P.S We will be selling the glass pebbles in 25kg bags in three colours (Clear, Turquoise and Dark Blue) at half the RRP if anyone is interested!  :Smilie:

----------


## PeteV

could be bondcrete?! we use that for bagging and sealing brickwalls... i'm not too sure about pool use though. hope this helps!

----------


## cherub65

Would seriously reconsider doing this yourself, have seen many pools done over the years and believe me it is not a DIY. Have seen so called professionally finshed pools look terrible once filled with water.
Get a team of renders to give you a quote who are familiar with pebble work.
Have a trial on a vertical surface then imagine doing the whole pool in one go, Knowing when to hose down and not loose or leave to much cement, getting the sludge out of the pool is even a task
A professional may make it look like a simple task but that is because they do it day in day out.

----------


## Amanda84

Thank you!  :Wink:

----------


## Amanda84

Hi!
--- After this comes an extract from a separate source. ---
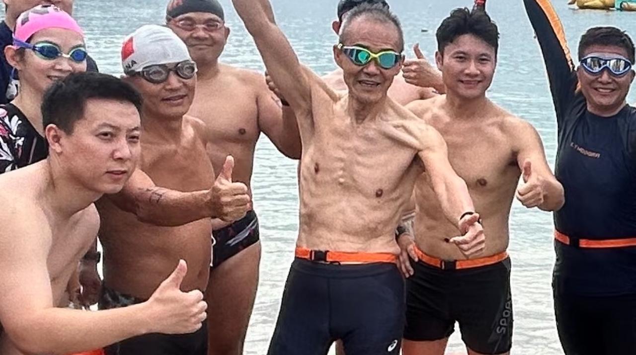 75岁王石来现身大梅沙,这个岁数还在大方秀肌肉,身边还围着一堆人。

Thank you for your suggestion but as i mentioned earlier, hubby is a qualified builder who is qualified to carry out a range of jobs from tiling, rendering to carpentry and  he also has a plumbers trade from overseas. So it's not a matter of lack of skill but wanting to do it 100% right without cutting corners hence my question on the bonding agent. The pool surface has been prepared and repaired so the sludge has been removed. It is for our own pool only. It's not just a matter of cost but knowing the high quality of his workmanship (I am one lucky lady!) I find it hard to let anyone else in to do work as i have been burnt in the past and also have seen poor 'professional' jobs done as you have mentioned. Our home is our castle! So with this, do you know the answer to my question?  :Smilie:    

> Would seriously reconsider doing this yourself, have seen many pools done over the years and believe me it is not a DIY. Have seen so called professionally finshed pools look terrible once filled with water.
> Get a team of renders to give you a quote who are familiar with pebble work.
> Have a trial on a vertical surface then imagine doing the whole pool in one go, Knowing when to hose down and not loose or leave to much cement, getting the sludge out of the pool is even a task
> A professional may make it look like a simple task but that is because they do it day in day out.

----------


## cherub65

Not Bondall as not for water immersion, Coating will depend on existing pool finish and condition 
Link from quartzon http://www.quartzon.com.au/docs/BondKey%20Data%20Sheet.pdf  Still think your nuts  :Smilie:

----------


## Amanda84

Thank you so much! You're a legend! We'll see, we'll see...  :Smilie:      

> Not Bondall as not for water immersion, Coating will depend on existing pool finish and condition 
> Link from quartzon http://www.quartzon.com.au/docs/BondKey Data Sheet.pdf  Still think your nuts

----------